In the morning, it was my job to take the cows to the pasture. After they had all been milked and had a good drink of water, I would start one cow going toward the pasture and then walk around the others to encourage them to follow. They would get in their “conga line” and meander out to the pasture.

Most of the time, our dog, Rover, would scoot around the cows’ heels to get them going too. Rover would go with me and stay with the cows until they got to the pasture. Then he would run home ahead of me! I’d find Rover at home lying down when I got back. He was fast!

When the weather was nice, I really liked this job. As the cows strolled slowly along, I could enjoy the birds, feel the warm sun on my skin, and watch the big fluffy cumulus clouds make shadows rolling up and down the hills. It was lots of fun to walk out to the pasture.

Enjoying the Walk

I did A LOT OF SINGING both on the way out and back. I could sing really loud if I wanted. The cows were the only things around and they paid no attention at all. Mostly, I sang the popular songs that I had learned from listening to the radio or songs I’d learned at school.

I sang in the church choir from third grade on, and when I reached high school, I sang in the Medicine Lake High School Chorus. All of the “Tax girls” liked to sing and provided lots of music for the church and chorus.

Lots of times, I prayed to God too as I took the cows out.
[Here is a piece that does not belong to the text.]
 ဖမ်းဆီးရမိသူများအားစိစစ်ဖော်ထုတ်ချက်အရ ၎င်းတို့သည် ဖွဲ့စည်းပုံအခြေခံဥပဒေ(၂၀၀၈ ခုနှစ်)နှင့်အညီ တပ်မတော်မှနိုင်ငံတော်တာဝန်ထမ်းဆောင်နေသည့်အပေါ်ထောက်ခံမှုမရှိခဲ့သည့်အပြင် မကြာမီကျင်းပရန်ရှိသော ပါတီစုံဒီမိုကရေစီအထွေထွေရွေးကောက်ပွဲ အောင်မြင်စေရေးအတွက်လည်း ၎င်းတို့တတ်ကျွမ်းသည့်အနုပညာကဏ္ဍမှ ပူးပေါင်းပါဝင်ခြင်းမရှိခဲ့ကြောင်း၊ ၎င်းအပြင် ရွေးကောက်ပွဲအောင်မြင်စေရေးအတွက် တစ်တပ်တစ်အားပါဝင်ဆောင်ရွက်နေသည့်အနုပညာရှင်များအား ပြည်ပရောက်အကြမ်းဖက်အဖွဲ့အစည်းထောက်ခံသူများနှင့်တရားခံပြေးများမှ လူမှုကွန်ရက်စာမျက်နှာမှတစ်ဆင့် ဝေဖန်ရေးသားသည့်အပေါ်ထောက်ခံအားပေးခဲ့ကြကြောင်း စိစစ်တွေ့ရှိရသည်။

It was so quiet. I was surrounded by space, air, and sun. I prayed about a lot of things.

When I was a senior in high school, I remember praying to God to let me earn a scholarship to college. I knew I wouldn’t be able to go to college unless I won a scholarship. My parents didn’t have enough money to send me to college without help. (That was not unusual at the time. Lots of people couldn’t afford to go to college.)
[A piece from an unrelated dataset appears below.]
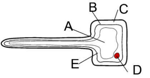 A = Vacuole B = Cell membrane C = Cell wall D = Nucleus E = Cell membrane |

God felt so close in the sun and wide open hills of the pasture. I felt I would surely win a scholarship and I did! Thank you, God!

Remembering Grandma Kathy

Grandma Kathy holding a baby (me) on her lap while we are camping outdoors. Both of us are smiling.
Grandma Kathy went camping with me. (Instagram)
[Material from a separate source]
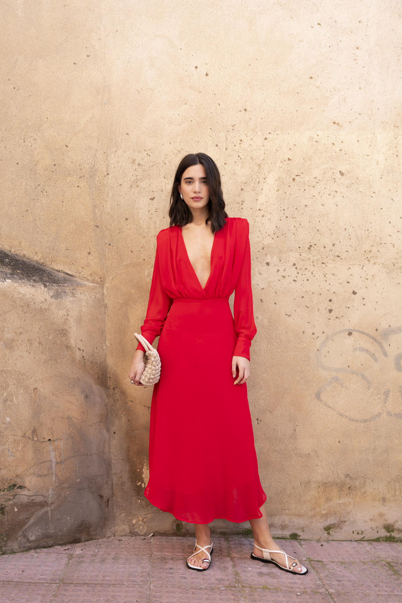 Vestido midi gasa 54% poliester 46% poliester reciclado

I like how Grandma Kathy’s writing hints at her sweet, sunny personality. I know sharing a few letters can’t show you just how special she was to all of us. Katie, the rest of the family, and I all miss her. It’s something too big for words.

But I hope her stories offered you a window into a different life. The world has changed so much and it’s good to know where we came from.

Grandma Kathy found beauty in the simplest of things. And if her story helps you do so too, then a piece of her lives on with you.